== What you should do ==
In the records that follow, find the line containing "Für stille Naturerobere" and the line containing "Diese Szenerie bildete", then transcribe both and every line between them exactly, omitting pictures.

(Records for the exercise begins)

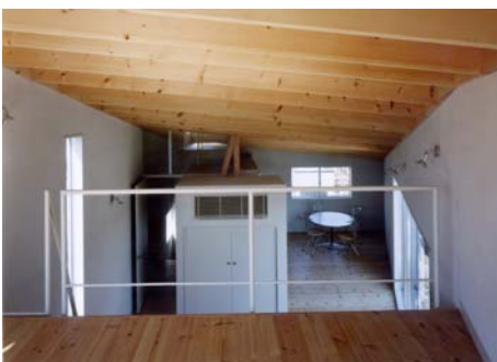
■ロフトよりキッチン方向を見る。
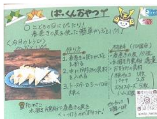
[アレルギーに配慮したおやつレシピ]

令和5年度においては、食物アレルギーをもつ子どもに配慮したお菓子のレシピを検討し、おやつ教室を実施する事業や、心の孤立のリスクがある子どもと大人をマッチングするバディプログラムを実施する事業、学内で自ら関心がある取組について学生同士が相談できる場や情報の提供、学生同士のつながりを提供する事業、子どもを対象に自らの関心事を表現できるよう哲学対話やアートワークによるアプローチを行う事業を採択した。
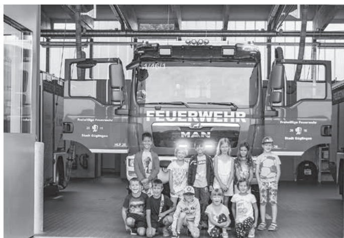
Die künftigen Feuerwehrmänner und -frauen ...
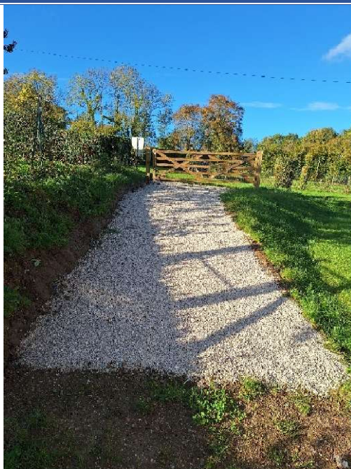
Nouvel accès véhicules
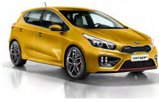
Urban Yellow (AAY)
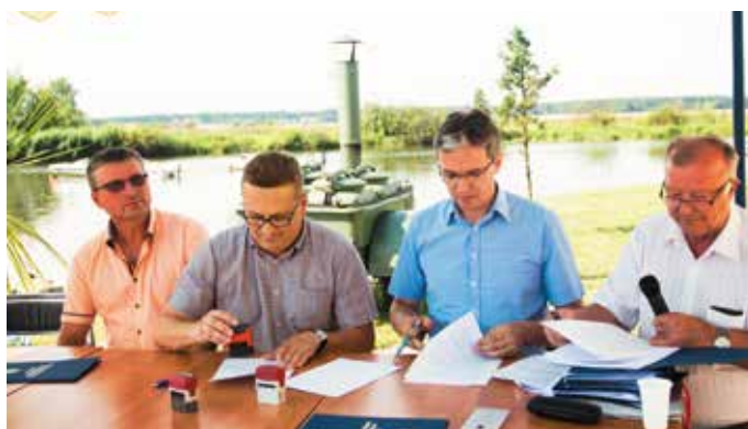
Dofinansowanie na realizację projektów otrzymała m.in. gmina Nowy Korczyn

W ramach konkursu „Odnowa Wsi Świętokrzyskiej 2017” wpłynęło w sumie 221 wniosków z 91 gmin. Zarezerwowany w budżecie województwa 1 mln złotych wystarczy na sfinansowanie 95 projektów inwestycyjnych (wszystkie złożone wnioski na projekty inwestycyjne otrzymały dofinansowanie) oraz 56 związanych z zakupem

(Records for the exercise ends)
(Records for the exercise begins)

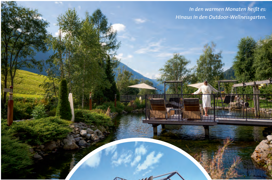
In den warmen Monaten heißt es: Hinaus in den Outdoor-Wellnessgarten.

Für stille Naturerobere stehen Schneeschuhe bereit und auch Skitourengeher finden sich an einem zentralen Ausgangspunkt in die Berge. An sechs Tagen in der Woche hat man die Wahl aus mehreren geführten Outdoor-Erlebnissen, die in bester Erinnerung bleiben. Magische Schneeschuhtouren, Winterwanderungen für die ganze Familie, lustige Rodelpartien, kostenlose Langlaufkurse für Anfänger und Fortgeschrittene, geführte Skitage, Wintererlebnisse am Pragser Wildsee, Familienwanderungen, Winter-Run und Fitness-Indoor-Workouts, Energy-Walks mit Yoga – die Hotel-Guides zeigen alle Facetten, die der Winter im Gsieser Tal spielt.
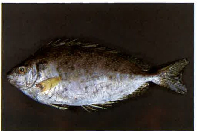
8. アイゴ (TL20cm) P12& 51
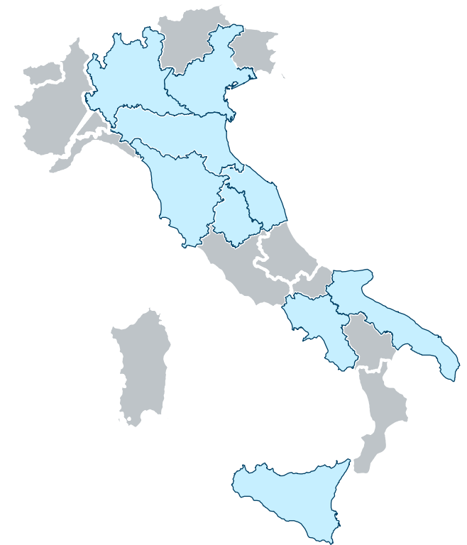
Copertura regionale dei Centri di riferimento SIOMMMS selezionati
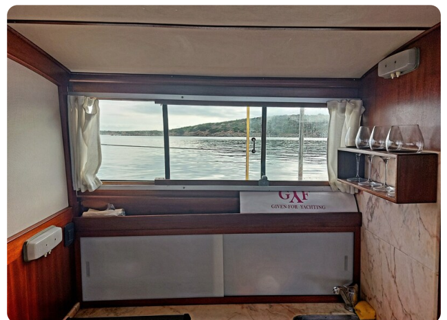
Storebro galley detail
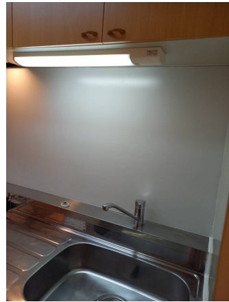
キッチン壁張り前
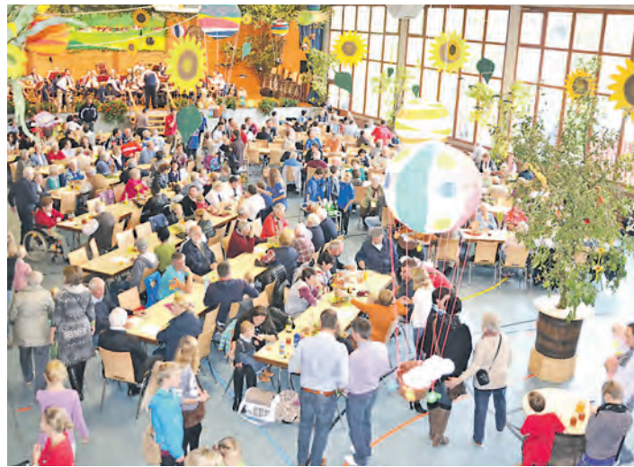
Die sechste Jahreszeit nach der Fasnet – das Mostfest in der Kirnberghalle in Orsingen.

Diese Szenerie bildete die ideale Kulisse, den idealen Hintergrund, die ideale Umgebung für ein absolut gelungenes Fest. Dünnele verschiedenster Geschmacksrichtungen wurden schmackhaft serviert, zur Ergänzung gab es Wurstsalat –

(Records for the exercise ends)

== Result of the task ==
Für stille Naturerobere stehen Schneeschuhe bereit und auch Skitourengeher finden sich an einem zentralen Ausgangspunkt in die Berge. An sechs Tagen in der Woche hat man die Wahl aus mehreren geführten Outdoor-Erlebnissen, die in bester Erinnerung bleiben. Magische Schneeschuhtouren, Winterwanderungen für die ganze Familie, lustige Rodelpartien, kostenlose Langlaufkurse für Anfänger und Fortgeschrittene, geführte Skitage, Wintererlebnisse am Pragser Wildsee, Familienwanderungen, Winter-Run und Fitness-Indoor-Workouts, Energy-Walks mit Yoga – die Hotel-Guides zeigen alle Facetten, die der Winter im Gsieser Tal spielt.
8. アイゴ (TL20cm) P12& 51
Copertura regionale dei Centri di riferimento SIOMMMS selezionati
Storebro galley detail
キッチン壁張り前
Die sechste Jahreszeit nach der Fasnet – das Mostfest in der Kirnberghalle in Orsingen.

Diese Szenerie bildete die ideale Kulisse, den idealen Hintergrund, die ideale Umgebung für ein absolut gelungenes Fest. Dünnele verschiedenster Geschmacksrichtungen wurden schmackhaft serviert, zur Ergänzung gab es Wurstsalat –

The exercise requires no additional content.